Dataset section =
((

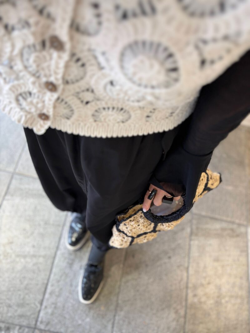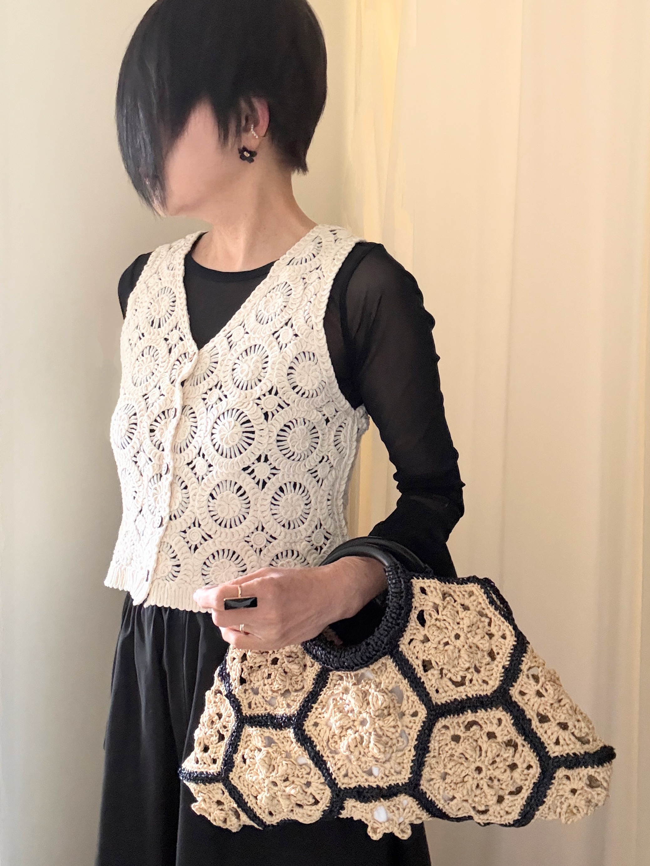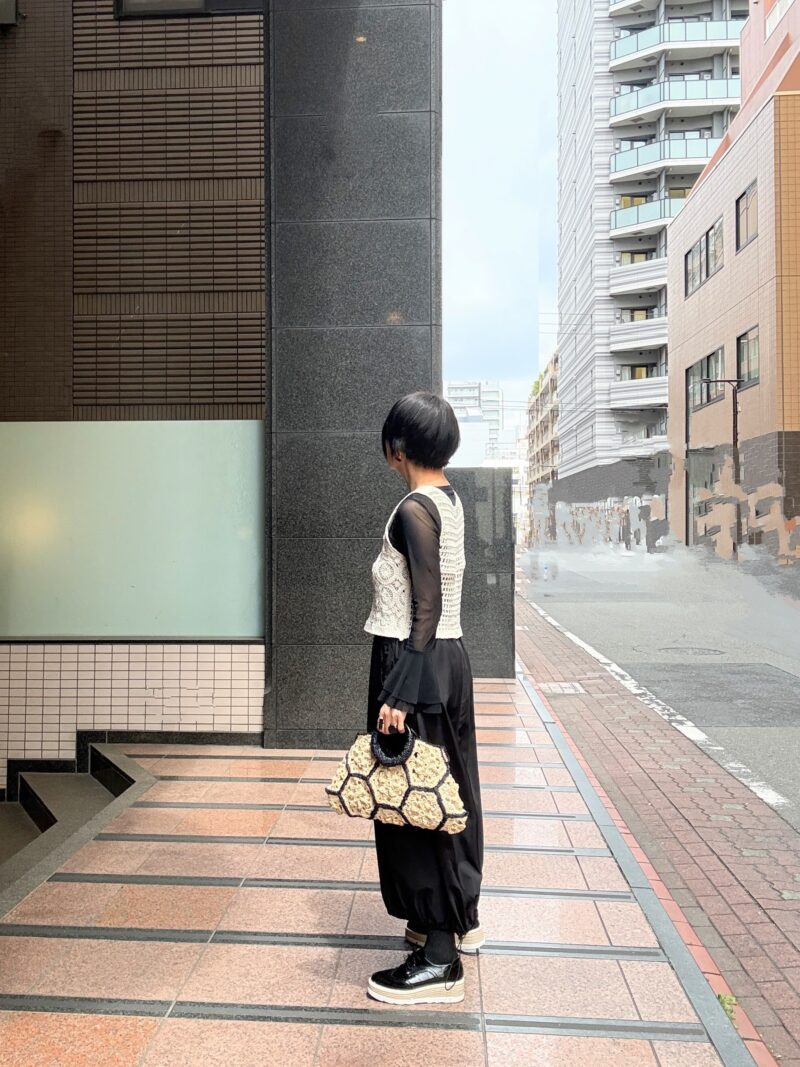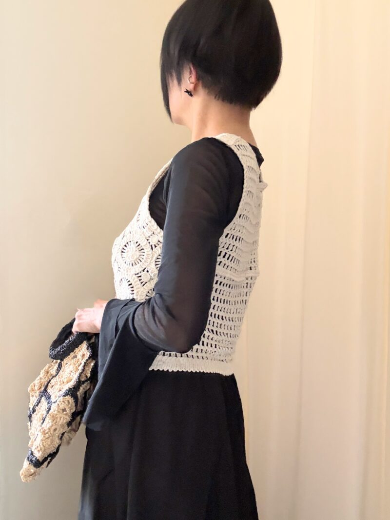 今日はこのbag持って、クロシェ(編み)のニットベスト合わせのコーデ。
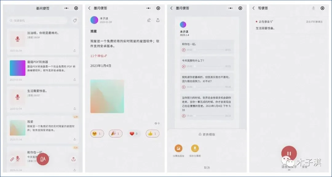 它支持快速便捷的记录事情,进入小程序,长按主界面底部按钮就可以开始语音记录;它支持唯美的图片模板分享样式,支持切换背景颜色和字体。
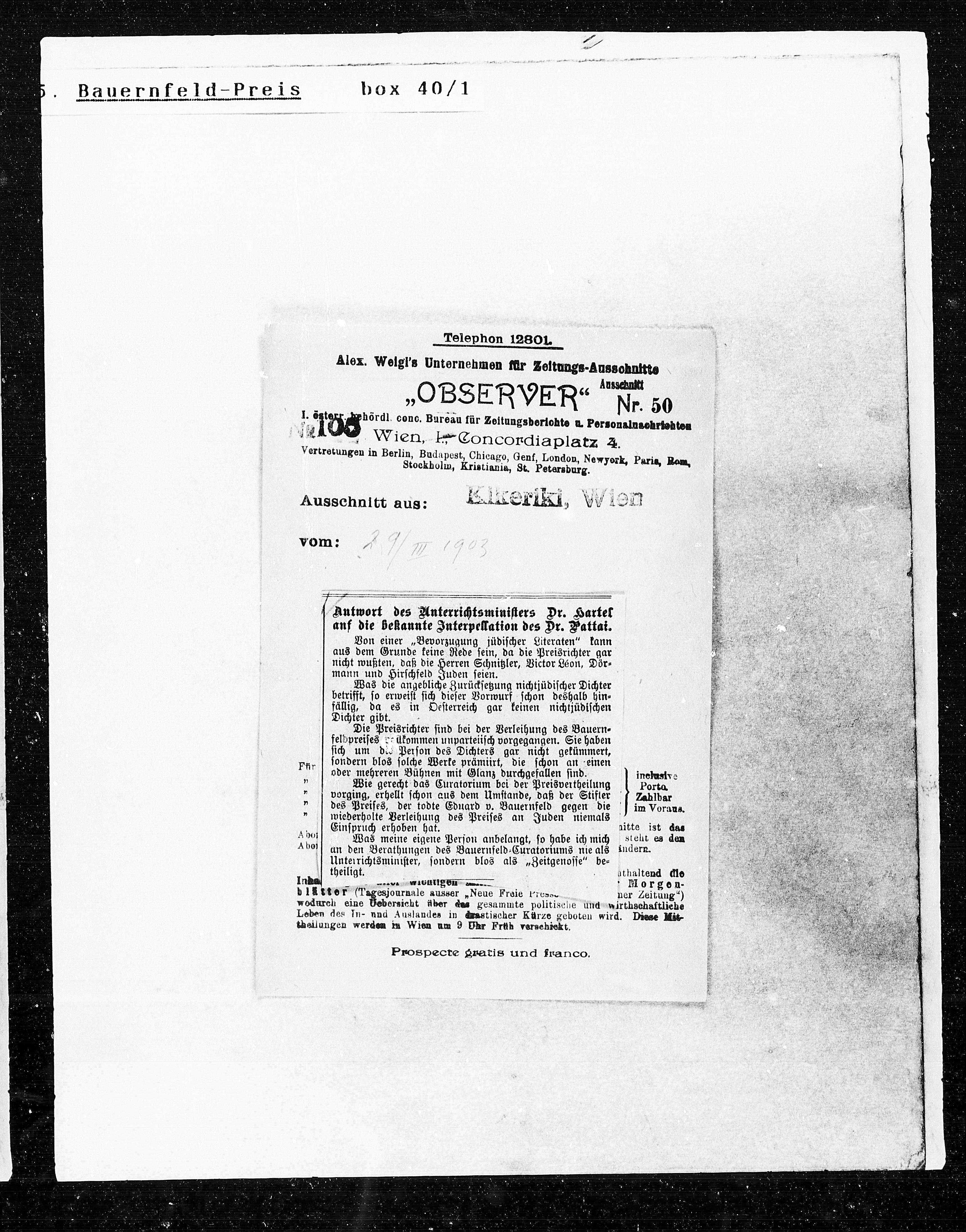 Alex. Welgl’s Unternehmen für Zeitungs-Aussohnitte

))

Work task =
Write out the listing above again, exactly, but with no pictures in the copy.

Result below =
 今日はこのbag持って、クロシェ(編み)のニットベスト合わせのコーデ。
 它支持快速便捷的记录事情,进入小程序,长按主界面底部按钮就可以开始语音记录;它支持唯美的图片模板分享样式,支持切换背景颜色和字体。
 Alex. Welgl’s Unternehmen für Zeitungs-Aussohnitte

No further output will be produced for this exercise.